Instructions for the task:
Leaving out the pictures, output the lines from the one that contains "Bershka - Chemise" through the end of the material, exactly as they stand.

Supplied information:

Segment Open

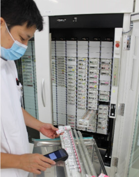 主に入院患者さんの注射薬の調剤を行っています。注射薬自動払出機を設置しており、充填している薬剤は患者さんごとのトレイへ自動で払い出されます。
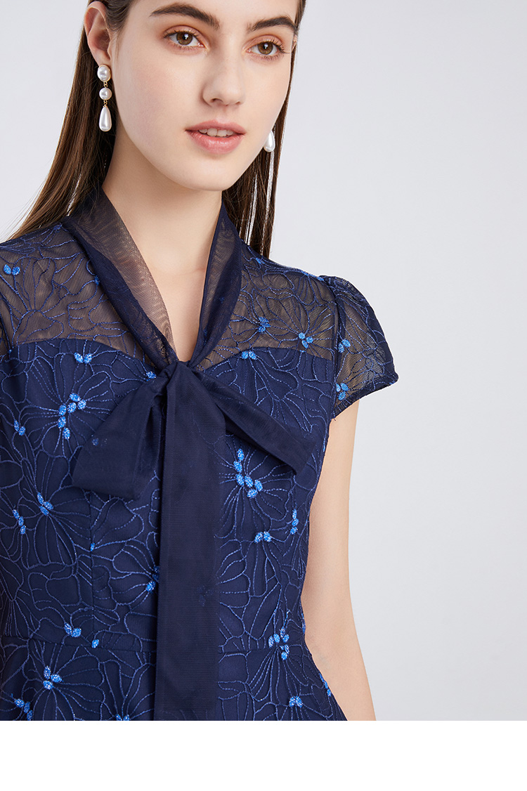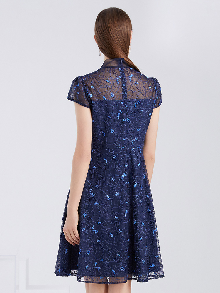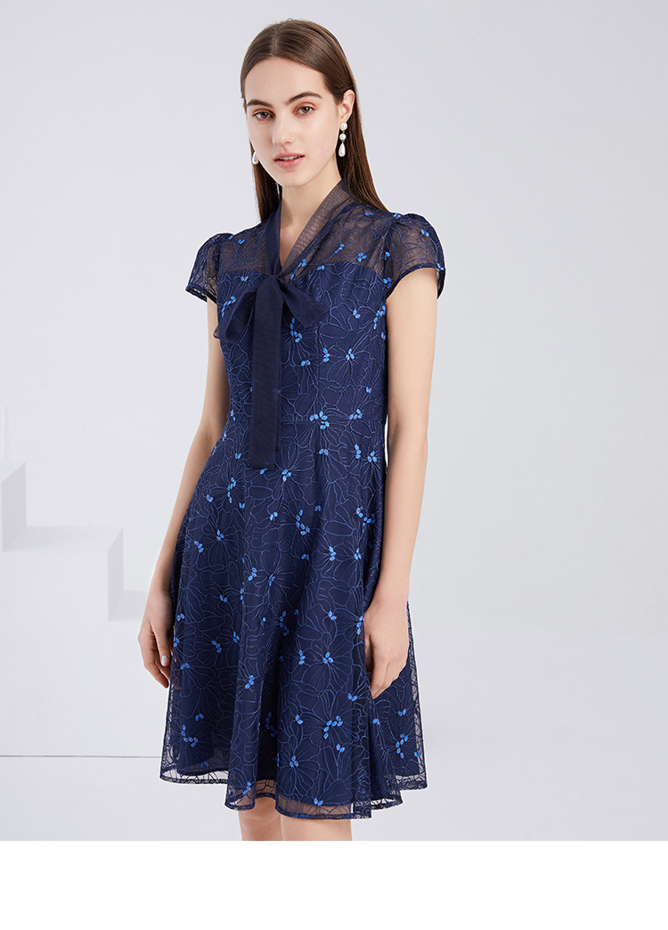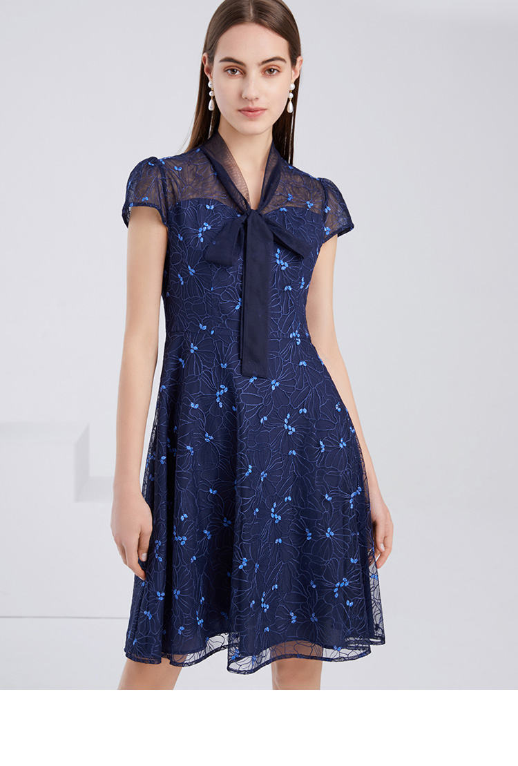 EITIE爱特爱夏季新款精致优雅镂空绣花蕾丝A字显瘦礼服连衣裙6277904
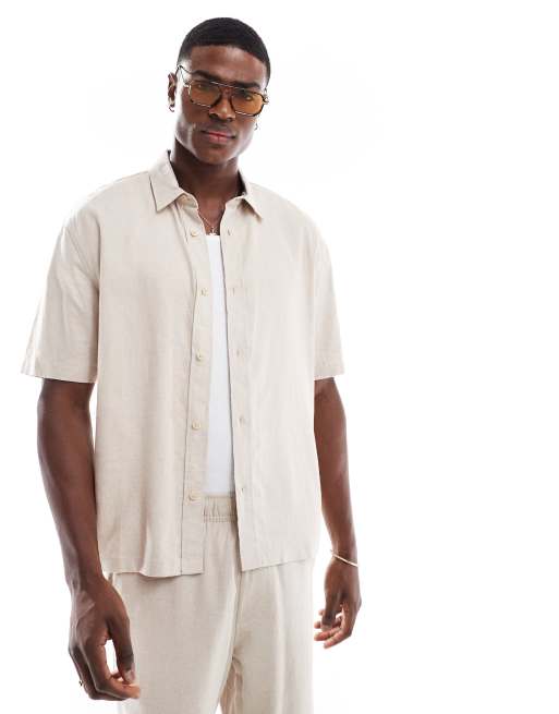 Bershka - Chemise à manches courtes en lin mélangé - Beige
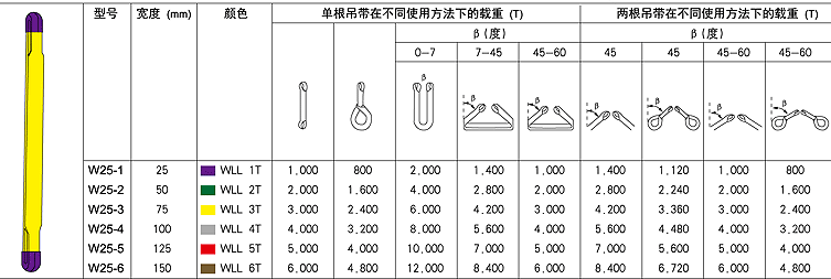 ◆可選用長度:1m,1.5m,2m,2.5m,3m,4m,5m,6m,7m,8m,10m,定購時請指明長度 吊帶使用安全注意事項 ※使用前應認真閱讀產品上的標簽以及本頁說明,嚴格按照表格內圖示使用方法的載重量進行操作,嚴禁超※載使用,確保安全 ※嚴禁使用有破損、老化和有缺陷的吊帶 ※高腐蝕性的化學溶劑或高溫狀態都會損傷吊帶,并減弱吊帶的安全性能 ※盡可能平穩和緩慢的起吊重物,防止猛然用力起吊 ※起吊帶有鋒利邊角的物體將有可能割斷吊帶,應采用耐磨損襯墊保護吊帶 ※吊帶長時間不用時應放置于干燥、陰暗的地方
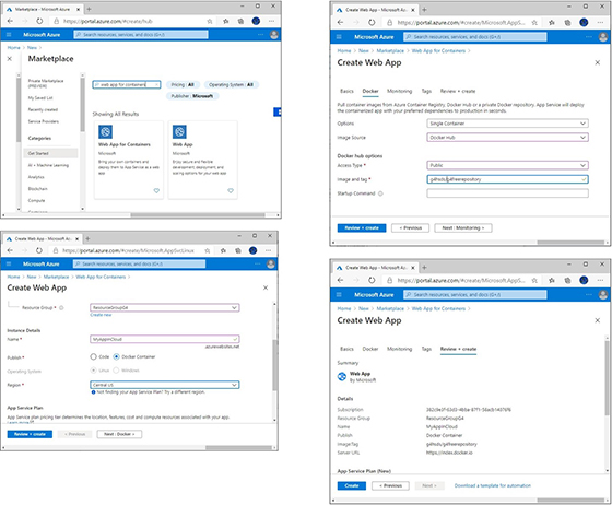 Evident, cu Docker și Azure putem face mult mai multe decât cele expuse în aceste rânduri. De exemplu, o aplicație care salvează date într-o bază de date se poate conecta la un alt container în care rulează un server de date, una dintre convenții fiind ca fiecare componentă a aplicației să fie într-un container separat și izolat. Aceasta face să fie ușor de înlocuit sau adăugat părți componente ale aplicației într-un mod flexibil, astfel încât aplicațiile se pot scala în funcție de nevoi.
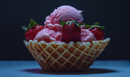 Strawberry ice cream in a waffle bowl closeup
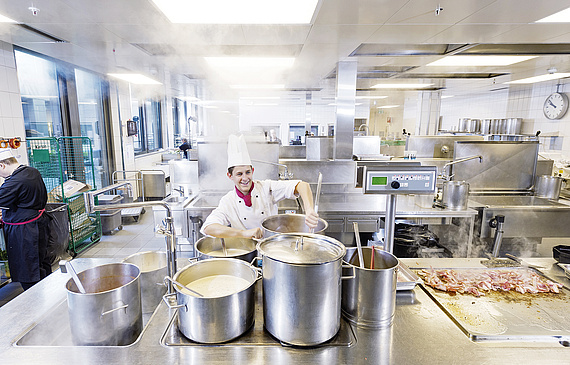 In den Grossküchen der Berner Inselgruppe arbeiten die Lernenden oft an einzelnen Komponenten. Mit einem Wettbewerb, der zur Ausbildung gehört, kreieren und berechnen sie ihr eigenes Menü.
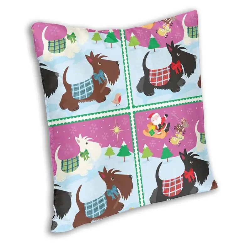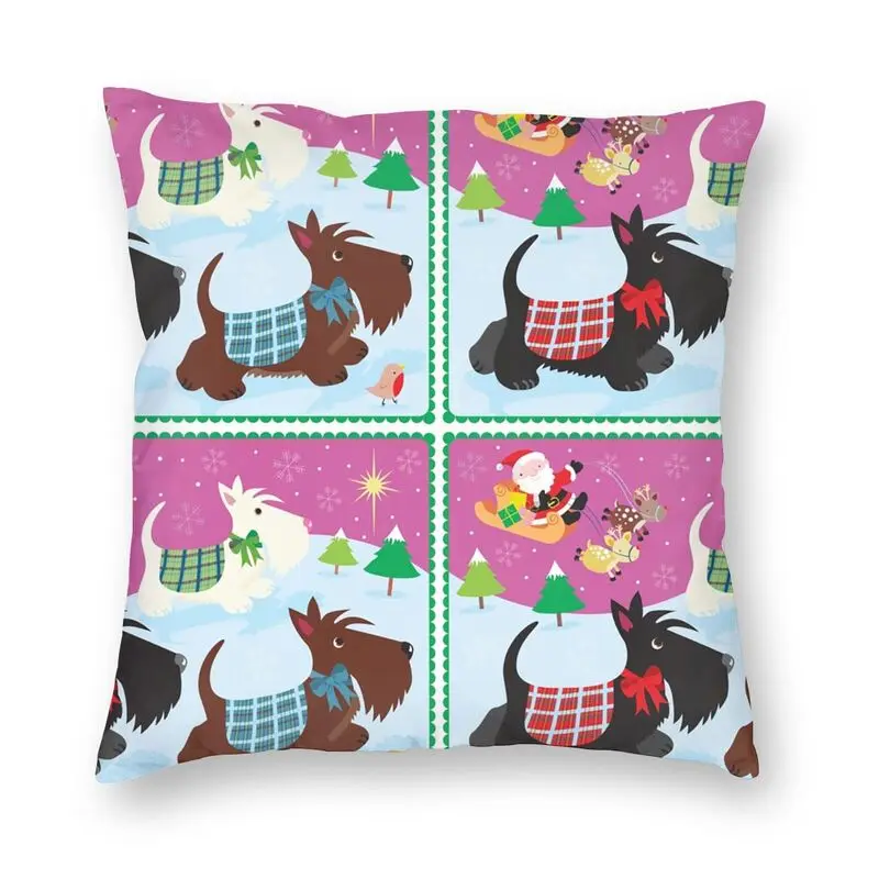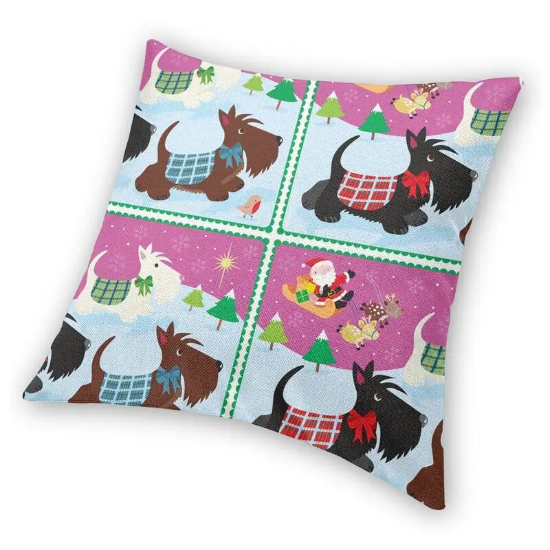 Рождественская Наволочка на подушку шотландского терьера, наволочка для дивана, гостиной, квадратная наволочка с собакой Скотти 40x40

Segment Closed

The completed task:
 Bershka - Chemise à manches courtes en lin mélangé - Beige
 ◆可選用長度:1m,1.5m,2m,2.5m,3m,4m,5m,6m,7m,8m,10m,定購時請指明長度 吊帶使用安全注意事項 ※使用前應認真閱讀產品上的標簽以及本頁說明,嚴格按照表格內圖示使用方法的載重量進行操作,嚴禁超※載使用,確保安全 ※嚴禁使用有破損、老化和有缺陷的吊帶 ※高腐蝕性的化學溶劑或高溫狀態都會損傷吊帶,并減弱吊帶的安全性能 ※盡可能平穩和緩慢的起吊重物,防止猛然用力起吊 ※起吊帶有鋒利邊角的物體將有可能割斷吊帶,應采用耐磨損襯墊保護吊帶 ※吊帶長時間不用時應放置于干燥、陰暗的地方
 Evident, cu Docker și Azure putem face mult mai multe decât cele expuse în aceste rânduri. De exemplu, o aplicație care salvează date într-o bază de date se poate conecta la un alt container în care rulează un server de date, una dintre convenții fiind ca fiecare componentă a aplicației să fie într-un container separat și izolat. Aceasta face să fie ușor de înlocuit sau adăugat părți componente ale aplicației într-un mod flexibil, astfel încât aplicațiile se pot scala în funcție de nevoi.
 Strawberry ice cream in a waffle bowl closeup
 In den Grossküchen der Berner Inselgruppe arbeiten die Lernenden oft an einzelnen Komponenten. Mit einem Wettbewerb, der zur Ausbildung gehört, kreieren und berechnen sie ihr eigenes Menü.
 Рождественская Наволочка на подушку шотландского терьера, наволочка для дивана, гостиной, квадратная наволочка с собакой Скотти 40x40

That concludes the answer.